Segment Start: Source records
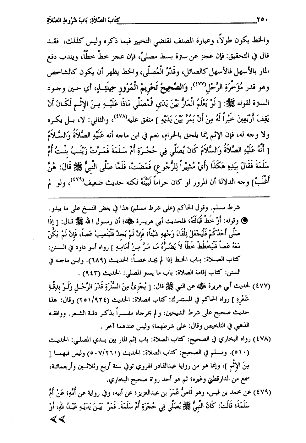 (¬477) لحديث أبي هريرة -رضي الله عنه- عن النبي -صلى الله عليه وسلم- قال: [يُجْزِئُ مِنَ السُّتْرَةِ قَدْرَ الرَّحْلِ وَلَوْ بِدِقَّةِ شَعْرِهِ] رواه الحاكم في المستدرك: كتاب الصلاة: الحديث (924/ 251) وقال: هذا حديث صحيح على شرط الشيخين، ولم يخرجاه مفسراً بذكر دقة الشعر. ووافقه الذهبي في التلخيص وقال: على شرطهما؛ وليس عندهما أخر.
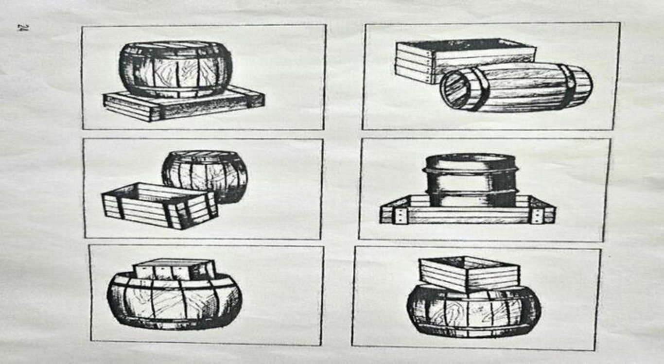 Либо попросить указать на рисунке: «ящик в бочке»; «ящик на бочке»; «бочку в ящике»; «ящик перед бочкой»; «бочка за ящиком».
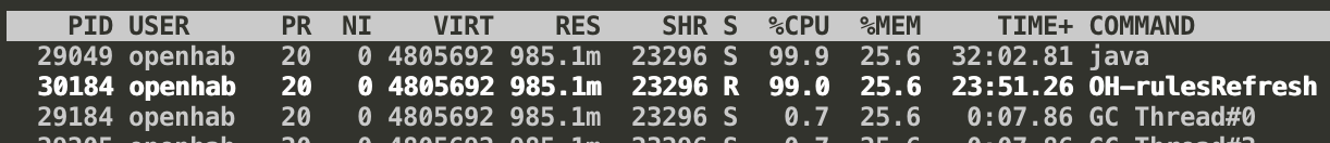 For completeness: My installation is working now (at least for the time being). Itās a relatively large setup with close to 1000 items and almost 10k lines of rules in DSL code. I do not see excessive CPU usage, but I do see the huge memory footprint mentioned in this thread. In my case itās 8.4G of virtual process size (on a 64 bit Ubuntu x86 machine, Zulu 17 JRE).
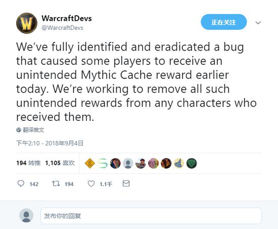 暴雪很快发现了这一bug,立即禁用了大秘境低保箱,使得后续闻讯赶来的玩家无法再打开。现在,暴雪发布官方推文,说明该bug已经修复,而那些从bug中获得的奖励将会被移除。这些奖励包括具有非常高的物品等级的泰坦造物装备,以及极高层数的大秘境钥石。
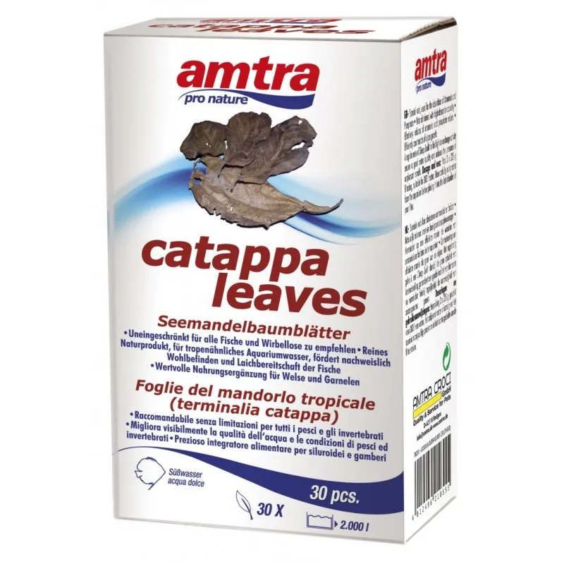 Amtra Catappa Leaves Foglie di Catappa è un elemento decorativo per l’acquario di acqua dolce. Amtra Catappa Leaves sono foglie esiccate di Catappa che oltre a decorare l’ambiente svolgono altre importanti funzioni.
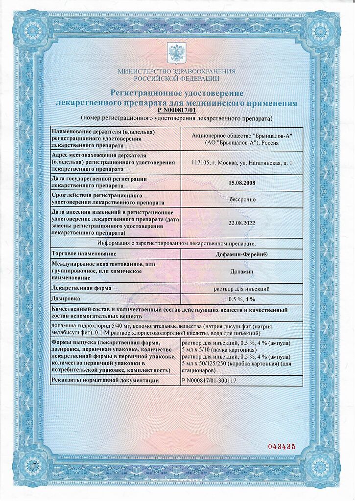Для усиления диуреза и получения инотропного эффекта (увеличение сократительной активности миокарда) вводят со скоростью 100-250 мкг/мин (1,5-3,5 мкг/кг/мин) - область низких доз. При интенсивной хирургической терапии - 300-700 мкг/мин (4-10 мкг/кг/мин) - область средних доз; при септическом шоке - 750-1500 мкг/мин (10,5-21 мкг/кг/мин) - область максимальных доз. С целью воздействия на АД рекомендуется повышение дозы до 500 мкг/мин и более, или при постоянной дозе допамина дополнительно назначается норэпинефрин (норадреналин) в дозе 5 мкг/мин при массе тела пациента около 70 кг.
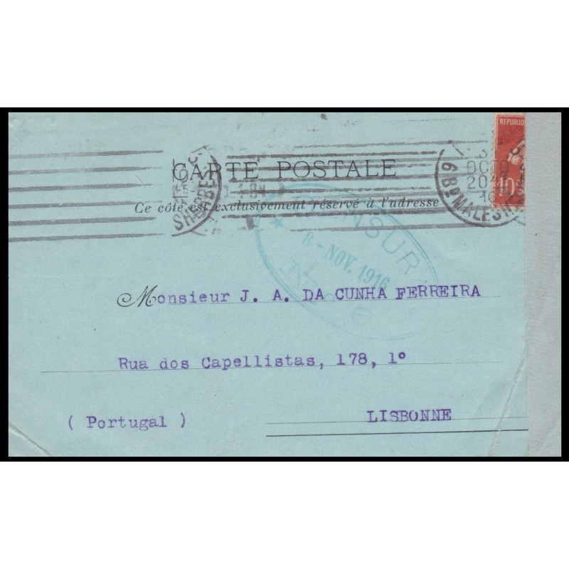 Sobrescrito circulado a 15 de Junho de 1919. Com uma Cinta de censura em papel com a legenda " Controle Posta Militar" e carimbos Oval Franceses . Exemplar em boas condições.
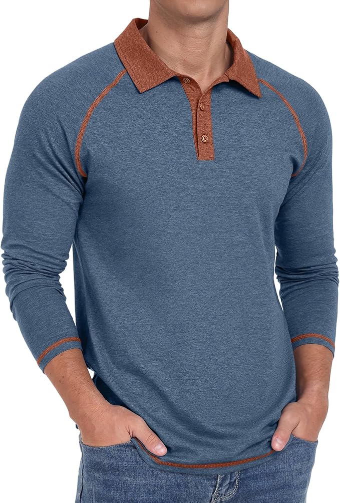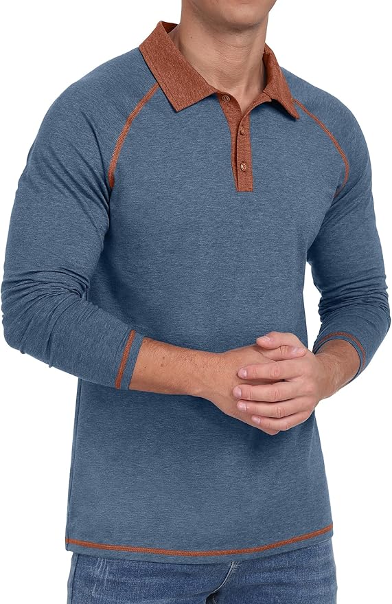 - Men’s raglan polo shirts features with polo collar, 3 button closure, subtle contrast stitching throughout, faux wood buttons, the contrasts will wake up denim and khakis.
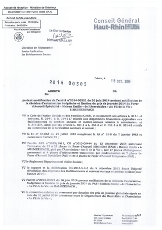 portant notification de l'arrêté n°2014-00221 du 26.06.2014 portant notification de la décision d'autorisation budgétaire et fixation du prix de journée 2014 du foyer d'accueil spécialisé "Maison Emilie" de l'association "Au Fil de la Vie" à MALMERSPACH
Segment End: Source records
From the entries above, output every line exactly and omit any image.

 (¬477) لحديث أبي هريرة -رضي الله عنه- عن النبي -صلى الله عليه وسلم- قال: [يُجْزِئُ مِنَ السُّتْرَةِ قَدْرَ الرَّحْلِ وَلَوْ بِدِقَّةِ شَعْرِهِ] رواه الحاكم في المستدرك: كتاب الصلاة: الحديث (924/ 251) وقال: هذا حديث صحيح على شرط الشيخين، ولم يخرجاه مفسراً بذكر دقة الشعر. ووافقه الذهبي في التلخيص وقال: على شرطهما؛ وليس عندهما أخر.
 Либо попросить указать на рисунке: «ящик в бочке»; «ящик на бочке»; «бочку в ящике»; «ящик перед бочкой»; «бочка за ящиком».
 For completeness: My installation is working now (at least for the time being). Itās a relatively large setup with close to 1000 items and almost 10k lines of rules in DSL code. I do not see excessive CPU usage, but I do see the huge memory footprint mentioned in this thread. In my case itās 8.4G of virtual process size (on a 64 bit Ubuntu x86 machine, Zulu 17 JRE).
 暴雪很快发现了这一bug,立即禁用了大秘境低保箱,使得后续闻讯赶来的玩家无法再打开。现在,暴雪发布官方推文,说明该bug已经修复,而那些从bug中获得的奖励将会被移除。这些奖励包括具有非常高的物品等级的泰坦造物装备,以及极高层数的大秘境钥石。
 Amtra Catappa Leaves Foglie di Catappa è un elemento decorativo per l’acquario di acqua dolce. Amtra Catappa Leaves sono foglie esiccate di Catappa che oltre a decorare l’ambiente svolgono altre importanti funzioni.
Для усиления диуреза и получения инотропного эффекта (увеличение сократительной активности миокарда) вводят со скоростью 100-250 мкг/мин (1,5-3,5 мкг/кг/мин) - область низких доз. При интенсивной хирургической терапии - 300-700 мкг/мин (4-10 мкг/кг/мин) - область средних доз; при септическом шоке - 750-1500 мкг/мин (10,5-21 мкг/кг/мин) - область максимальных доз. С целью воздействия на АД рекомендуется повышение дозы до 500 мкг/мин и более, или при постоянной дозе допамина дополнительно назначается норэпинефрин (норадреналин) в дозе 5 мкг/мин при массе тела пациента около 70 кг.
 Sobrescrito circulado a 15 de Junho de 1919. Com uma Cinta de censura em papel com a legenda " Controle Posta Militar" e carimbos Oval Franceses . Exemplar em boas condições.
 - Men’s raglan polo shirts features with polo collar, 3 button closure, subtle contrast stitching throughout, faux wood buttons, the contrasts will wake up denim and khakis.
 portant notification de l'arrêté n°2014-00221 du 26.06.2014 portant notification de la décision d'autorisation budgétaire et fixation du prix de journée 2014 du foyer d'accueil spécialisé "Maison Emilie" de l'association "Au Fil de la Vie" à MALMERSPACH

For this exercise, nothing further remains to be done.